Wood can do some marvelous things. It can be made into cross laminated timber to build skyscrapers up to 30 stories high. It can be used to make paper, insulation, biofuels, and non-petroleum based feedstocks for plastics and medicinal purposes. But not all trees can do all things equally well. Scientists at North Carolina State University have devoted the last 10 years studying the biological triggers that determine the characteristics of trees as they grow.

They have determined that there are 21 pathway genes that control the amount of lignin a tree produces. Lignin is the stuff that gives timber its strength and density — desirable characteristics for structural uses but not so desirable for making biofuels, paper, or pulp. For those applications, the lignin has to be stripped out of the wood, a process that requires high heat and harsh chemicals.

For the past decade, the researchers have been experimenting with switching individual genes on and off to determine what effect they have on growing trees.
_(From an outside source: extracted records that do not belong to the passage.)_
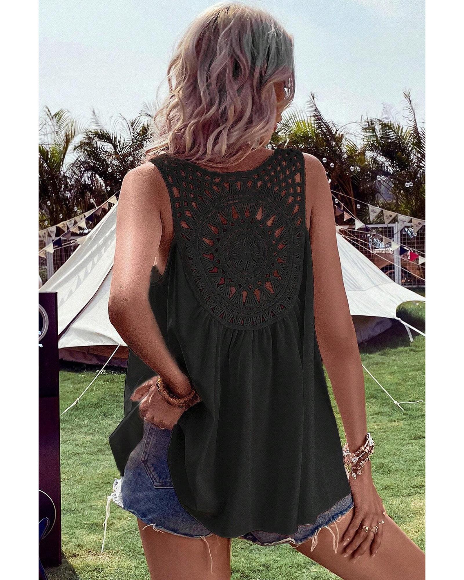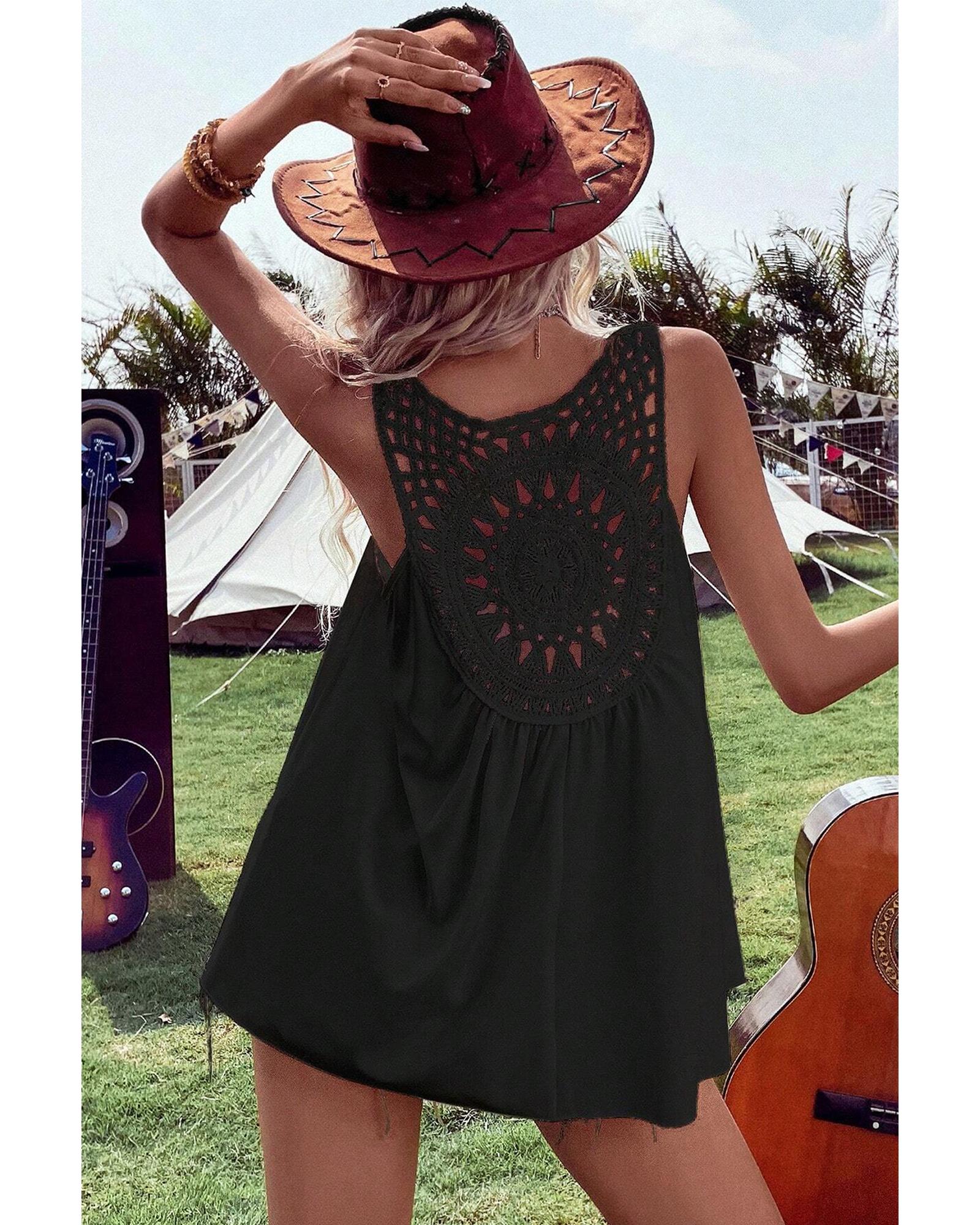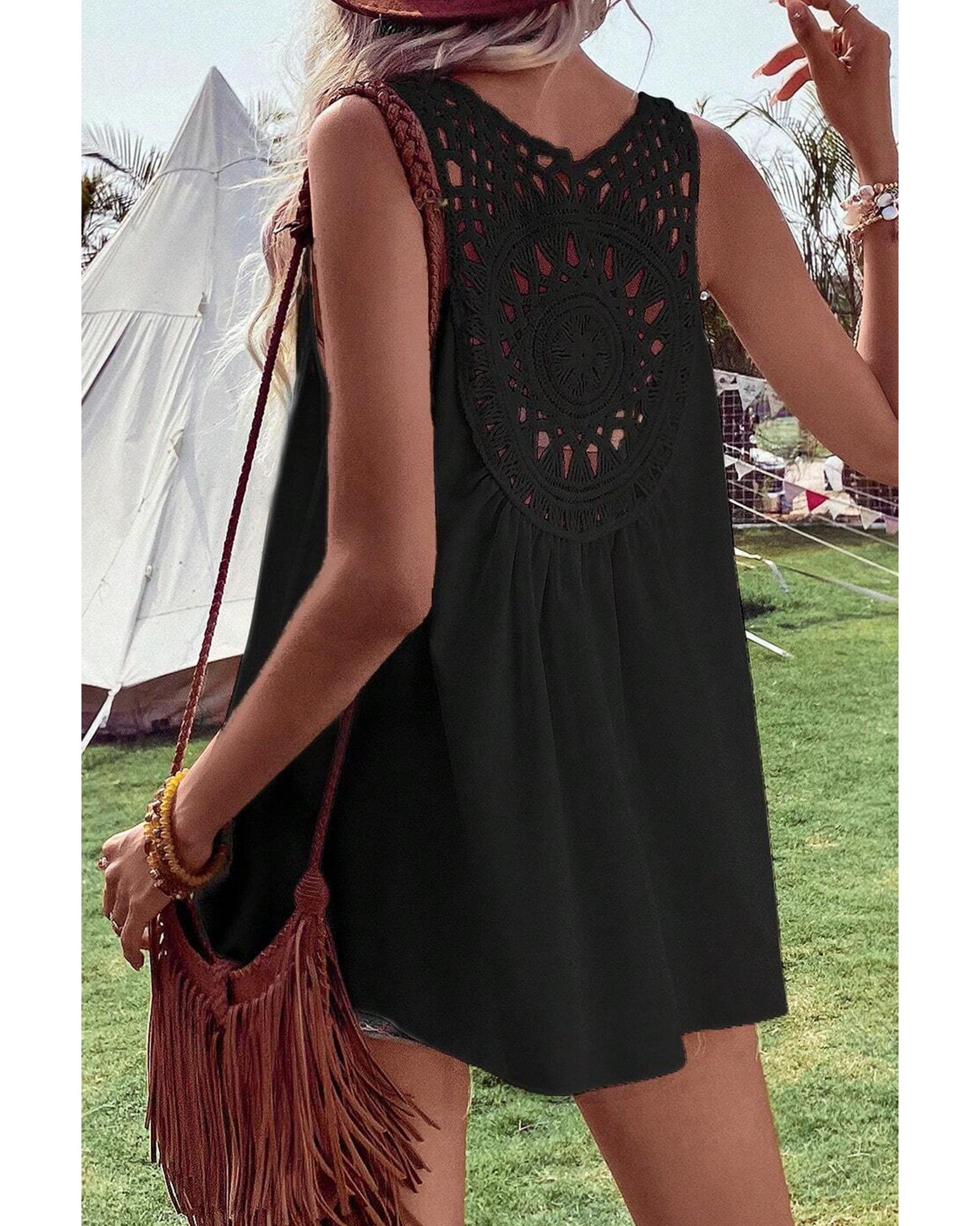 - Black Bohemian Crochet Patchwork Sleeveless Tunic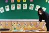 초등학교 1, 2학년 등교수업을 이틀 앞둔 25일 오후 경기도 수원시 매여울초등학교 1학년 교실에서 담임 교사가 학생들에게 전달할 왕관을 책상 위에 놓고 있다. 연합뉴스 |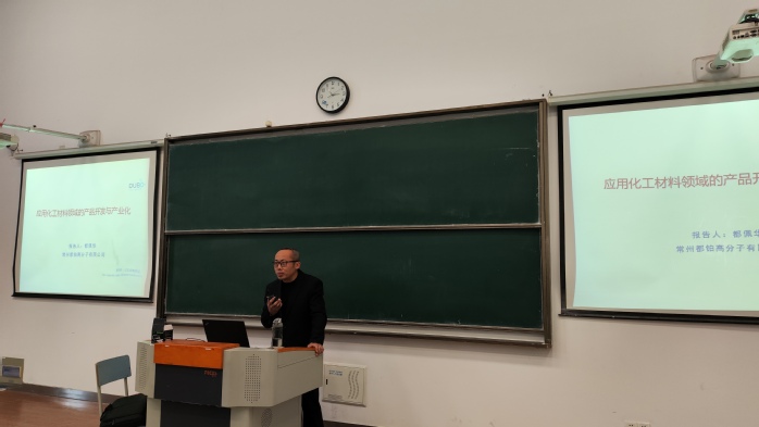 本次讲座由常州都铂高分子有限公司总经理都佩华主讲。都佩华以《应用化工材料领域的产品开发与产业化》为题,从创业项目与产品开发和精细化工产品产业化两方面展开论述,详细讲解了化工与材料类专业员工的从业方向以及毕业后如何在化工行业中提升自我竞争力。他希望同学们要增强自己的专业素养和职业素养,不断开发个人潜能,进一步做好职业生涯规划,实现自己的人生价值。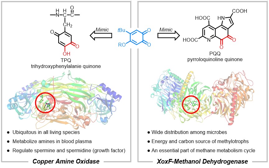 Quinoproteins are recognized as the third redox enzyme besides pyridine nucleotide- and flavin-dependent proteins which own a quinone cofactor enabling amine and alcohol oxidation. Several years ago, we have developed bio-inspired ortho-quinone catalysts with the cofactor of copper amine oxidase, TPQ as a blueprint for the oxidation of amines. Our simple and efficient ortho-quinone could not only oxidize primary amine, even α-branched primary amine, but also secondary amine and tertiary amine which are inert substrates for copper amine oxidase. After we disclosed the reaction pathway of amine oxidation, we turned our sight into another quinoprotein—methanol dehydrogenase. Methanol dehydrogenase (MDH) are common in methylotrophic bacteria and provide carbon and energy for bacteria by oxidizing methane and methanol. Due to the different metals employed in the active site, MDH could be divided into two parts: Ca-MDH and Ln-MDH. The central metal could improve substrate affinity, polarize the carbonyl group of the quinone cofactors and stabilize the negative charge intermediate. Hence the Ln-MDH with lanthanide as central metals owning strong Lewis acidity, high coordinate numbers and abundant are more spread and exhibit higher oxidation ability than Ca-MDH. Due to the methanol oxidation solely occurred on the PQQ cofactors, there are many biomimic PQQ model compounds designed to investigate their redox property since the discovery of PQQ. However, these compounds are hard to synthesize and their catalytic efficiency are too low to be employed in organic synthesis. Hence, developing more efficient and simpler quinone catalysis for alcohol oxidation remains a worthy goal.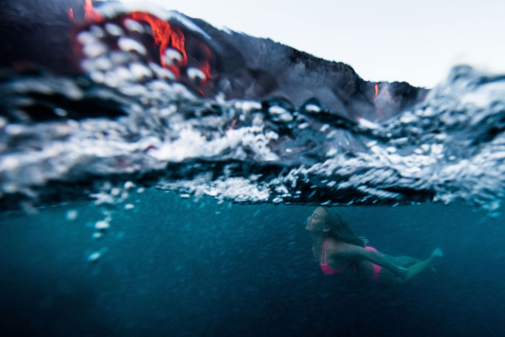 女性版インディ・ジョーンズとしても知られる冒険家のアリソン・ティールは、噴火中の火山のすぐ近くでサーフィンをした史上初の女性となった。驚くべき映像はハワイ、より正確に言えば、世界で最も活発な火山の一つであり、30 年以上 (1983 年以来) 活動しているキラウエア火山のすぐ近くからのものです。溶岩は海に流れ込むことが多く、この素晴らしい景色を利用して見事な写真を撮ったのはアリソン ティールでした。これらは水中写真家のペリン・ジェームスによって撮影されました。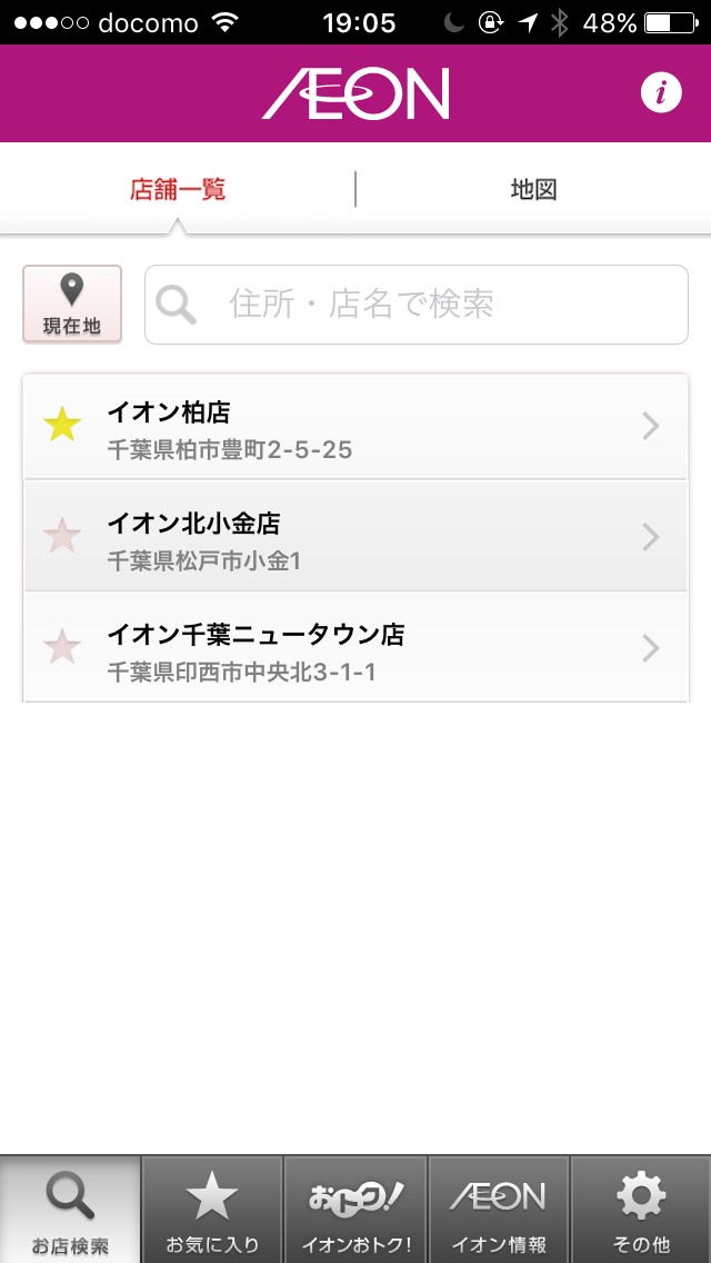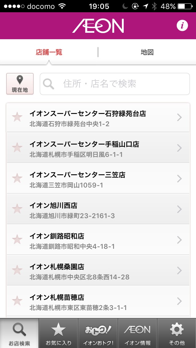 一つ目のおすすめポイントは位置情報から店舗をピックアップできる点です。先ほど説明したように、この「イオンチラシアプリ」はスマートフォンの位置情報システムを利用することでお近くの店舗を自動検索することが可能です!いちいちネットで検索する必要がないのは便利ですね。二つ目のおすすめポイントはお気に入りの店舗を登録することで、その店舗に関するピンポイントなお買い得情報(チラシやミニチラなど)を入手できる点です。毎回店舗を検索していたら面倒ですから、お気に入りに登録しておける機能は非常に重要です。三つ目のおすすめポイントはお気に入りに複数の店舗を登録しておけるというところです。店舗ごとに商品の値段を比較したい人などには大変便利ですね!
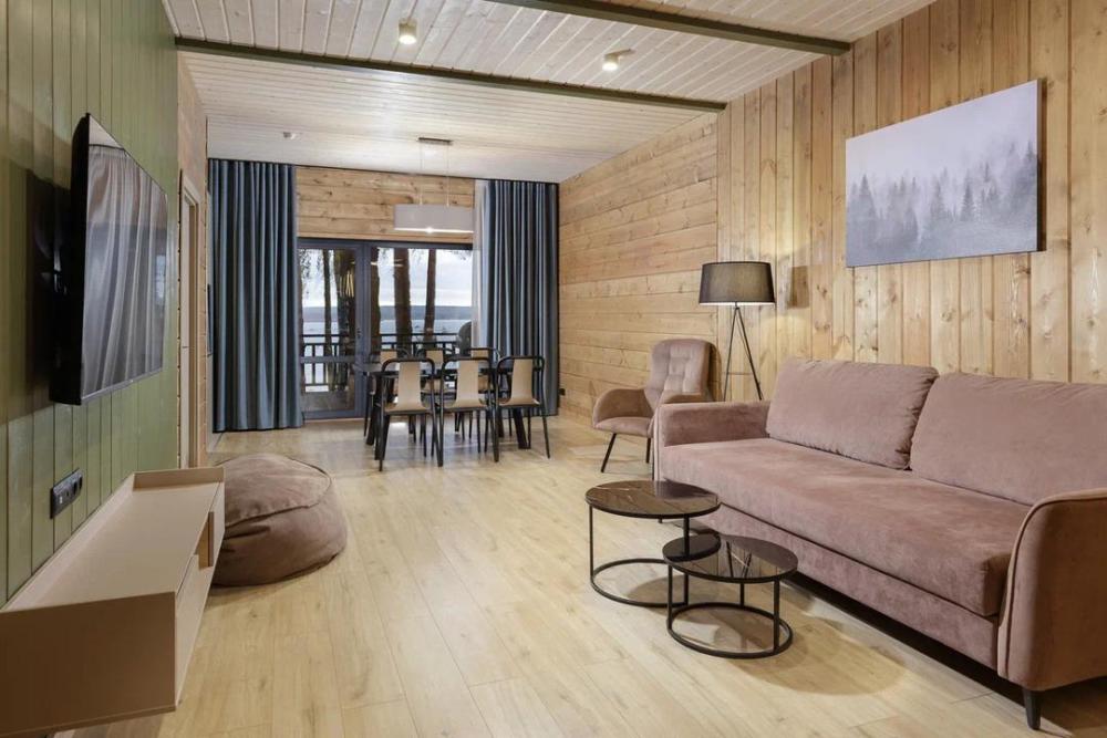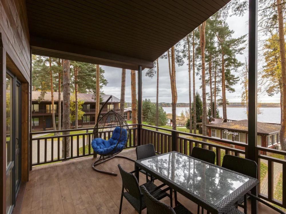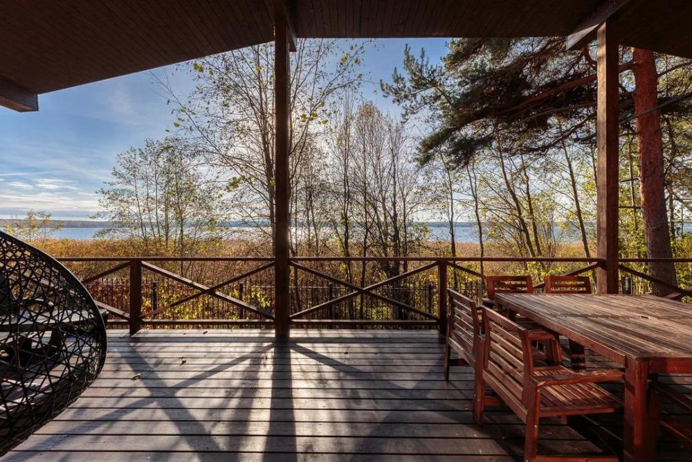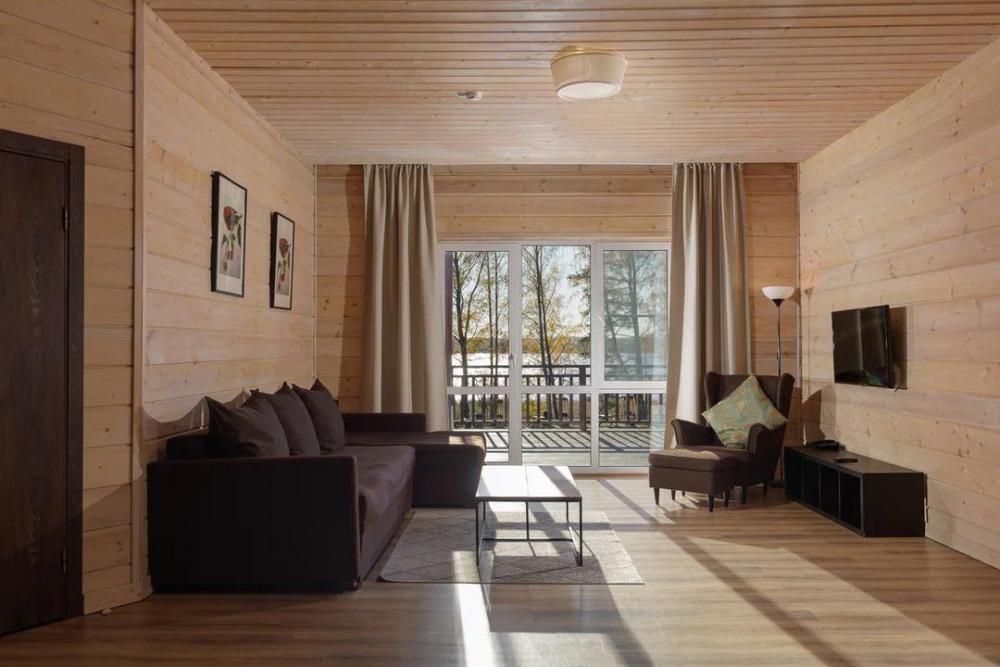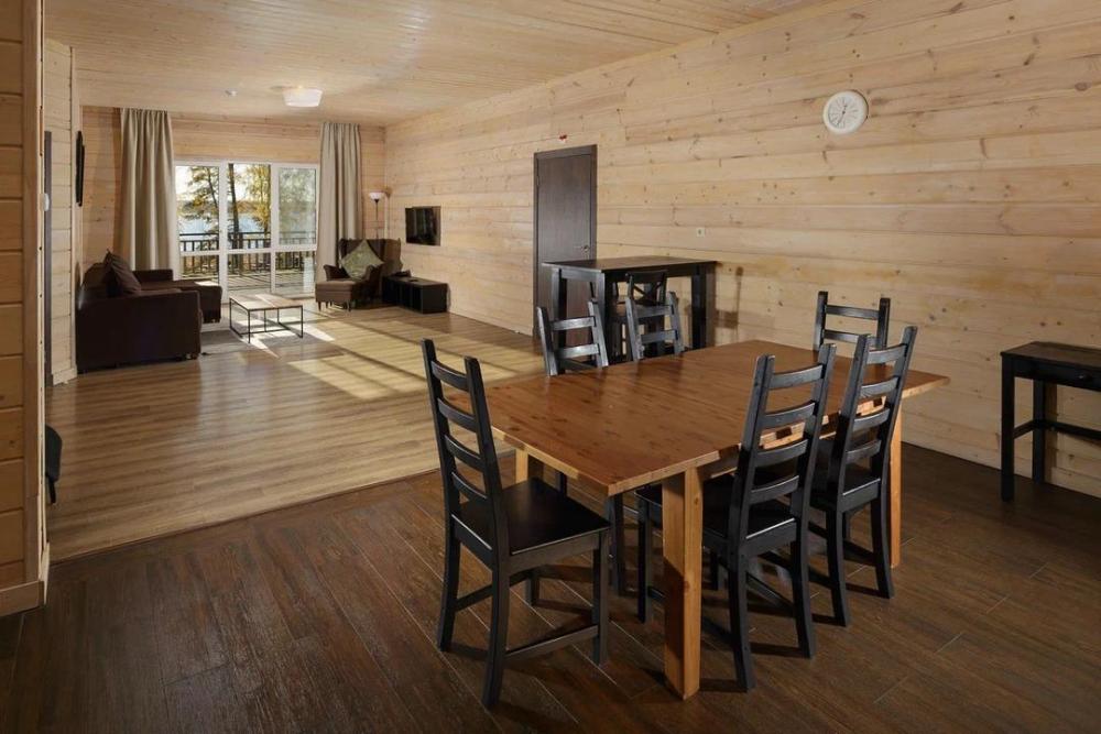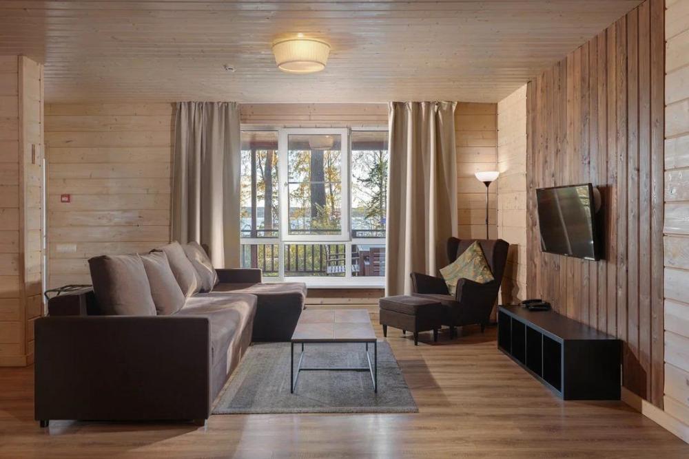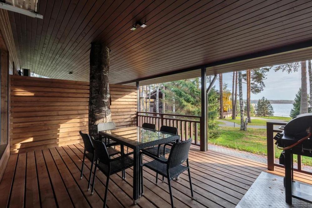 Просторные дома со стильным интерьером, огромными террасами с видом на Вуоксу. В шале 4 спальни, просторная гостиная с кухонной зоной, сауна, а также большая терраса с газовым грилем и видом на реку Вуокса.

But they say they can now model the effects of switching all 21 lignin genes on or off in the lab, which will greatly reduce the amount of time needed to “design” trees that are suitable for particular purposes.

“For the first time, we can predict the outcomes of modifying multiple genes involved in lignin biosynthesis, rather than working with a single gene at a time through trial and error, which is a tedious and time-consuming process,” says Jack Wang, assistant professor in NC State’s College of Natural Resources and lead author of a paper about the research in Nature Communications.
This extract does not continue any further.